The task: A faithful copy is needed of the lines below from the one with "Sublimera din look" up to and including the one with "The petition lists"; set it down with no pictures and no other lines.

Given records:
=== Begin Enclosure ===

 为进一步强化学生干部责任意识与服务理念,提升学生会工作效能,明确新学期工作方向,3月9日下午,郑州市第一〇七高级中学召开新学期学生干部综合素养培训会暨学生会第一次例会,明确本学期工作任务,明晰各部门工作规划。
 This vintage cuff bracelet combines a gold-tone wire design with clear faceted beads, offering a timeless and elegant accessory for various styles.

=== End Enclosure ===
=== Begin Enclosure ===

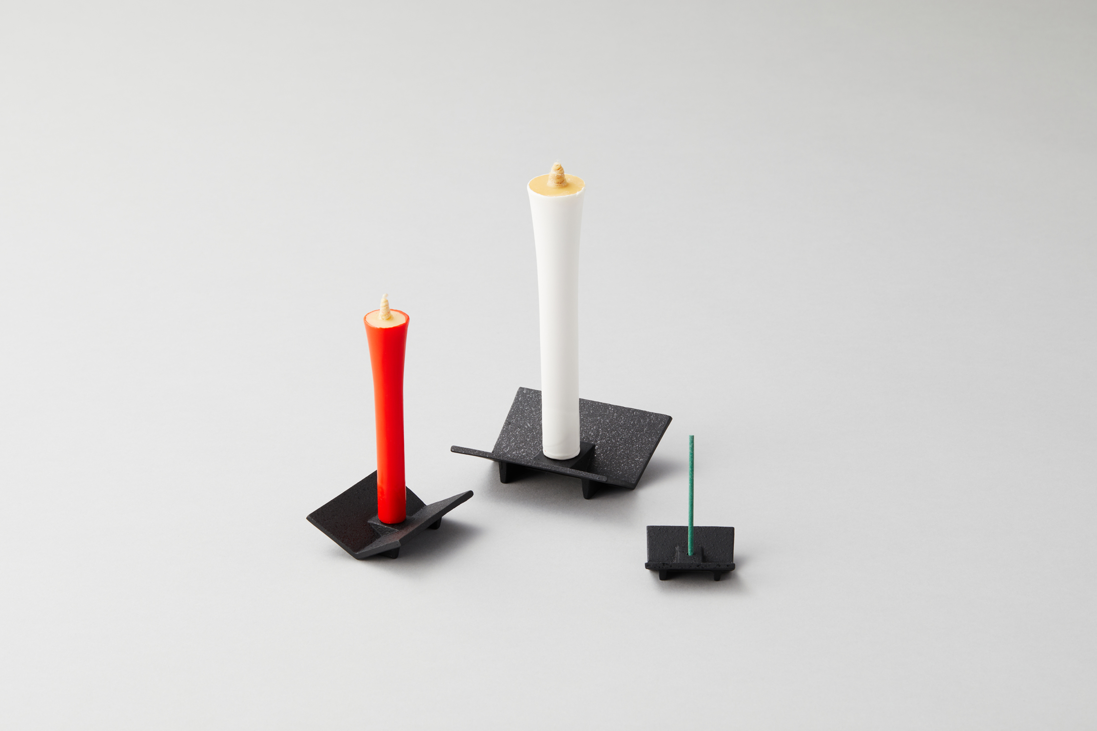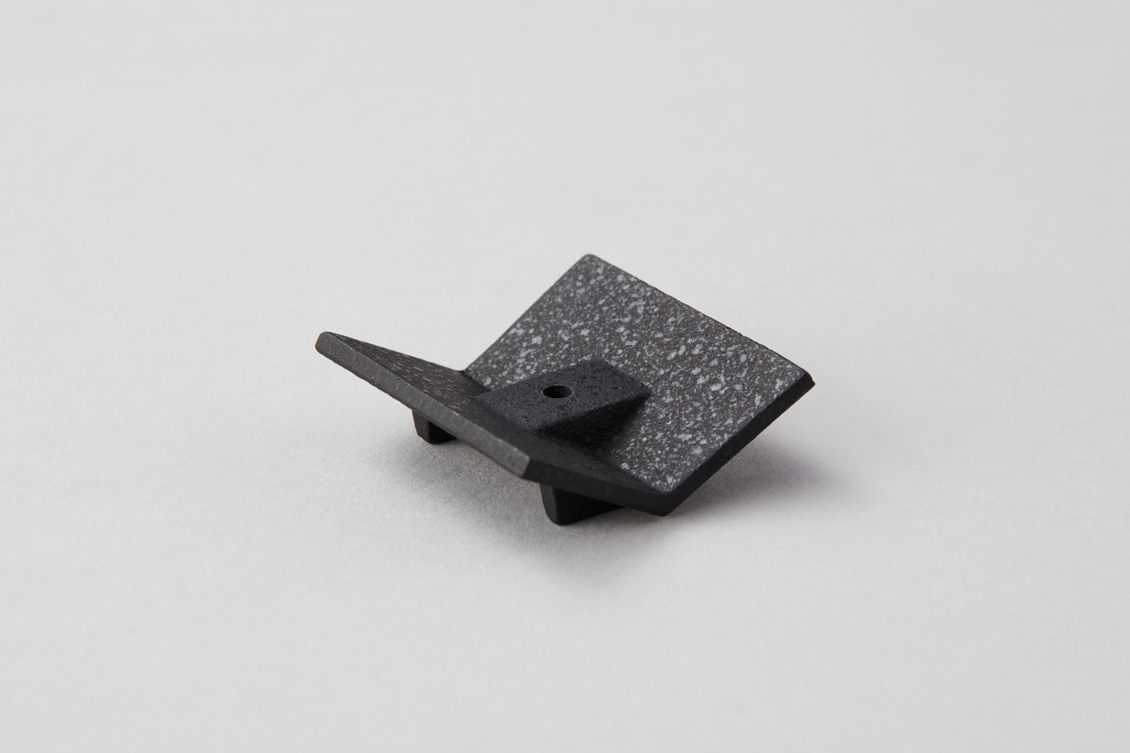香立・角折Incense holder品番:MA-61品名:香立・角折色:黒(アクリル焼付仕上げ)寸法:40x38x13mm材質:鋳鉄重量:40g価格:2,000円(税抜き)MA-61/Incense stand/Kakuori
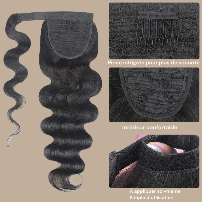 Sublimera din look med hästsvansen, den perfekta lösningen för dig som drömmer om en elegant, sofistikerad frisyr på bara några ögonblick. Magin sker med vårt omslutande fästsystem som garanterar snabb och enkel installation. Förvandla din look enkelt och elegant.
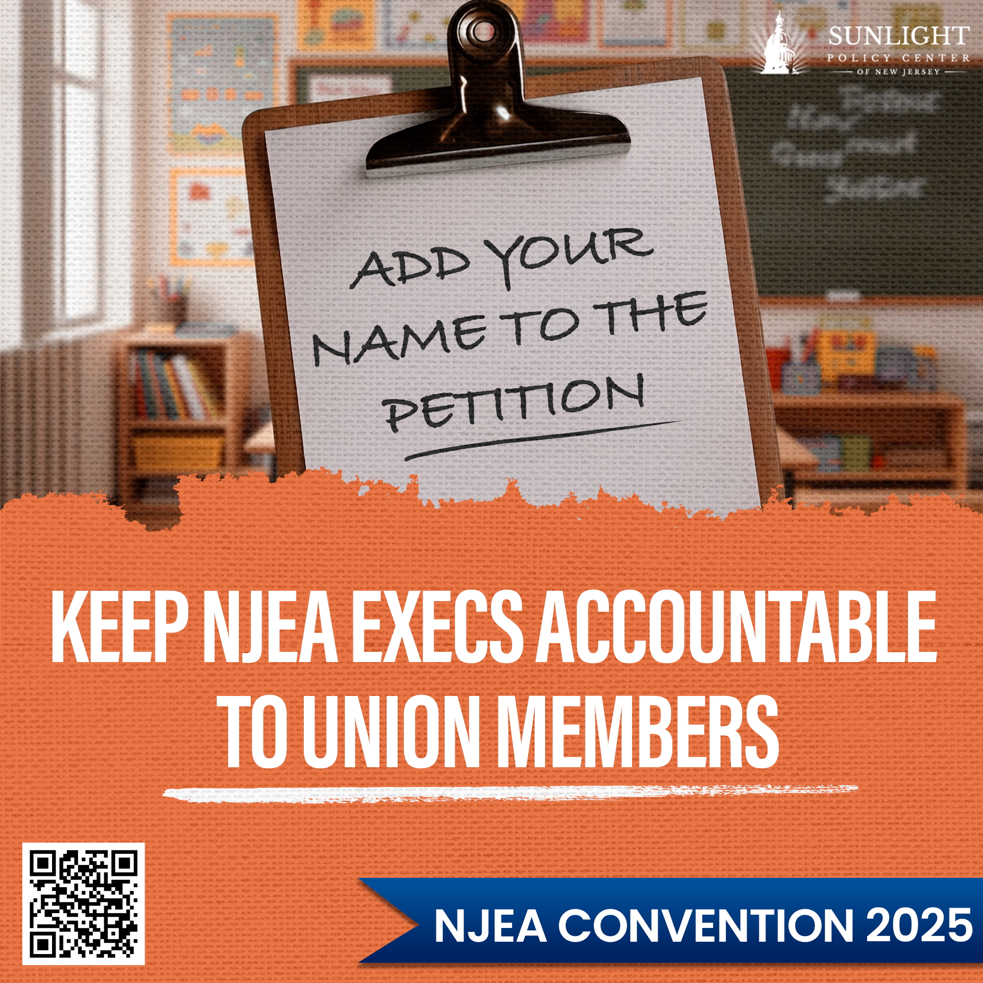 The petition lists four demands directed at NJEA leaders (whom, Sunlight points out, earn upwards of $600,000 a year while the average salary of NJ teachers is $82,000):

=== End Enclosure ===

Response:
 Sublimera din look med hästsvansen, den perfekta lösningen för dig som drömmer om en elegant, sofistikerad frisyr på bara några ögonblick. Magin sker med vårt omslutande fästsystem som garanterar snabb och enkel installation. Förvandla din look enkelt och elegant.
 The petition lists four demands directed at NJEA leaders (whom, Sunlight points out, earn upwards of $600,000 a year while the average salary of NJ teachers is $82,000):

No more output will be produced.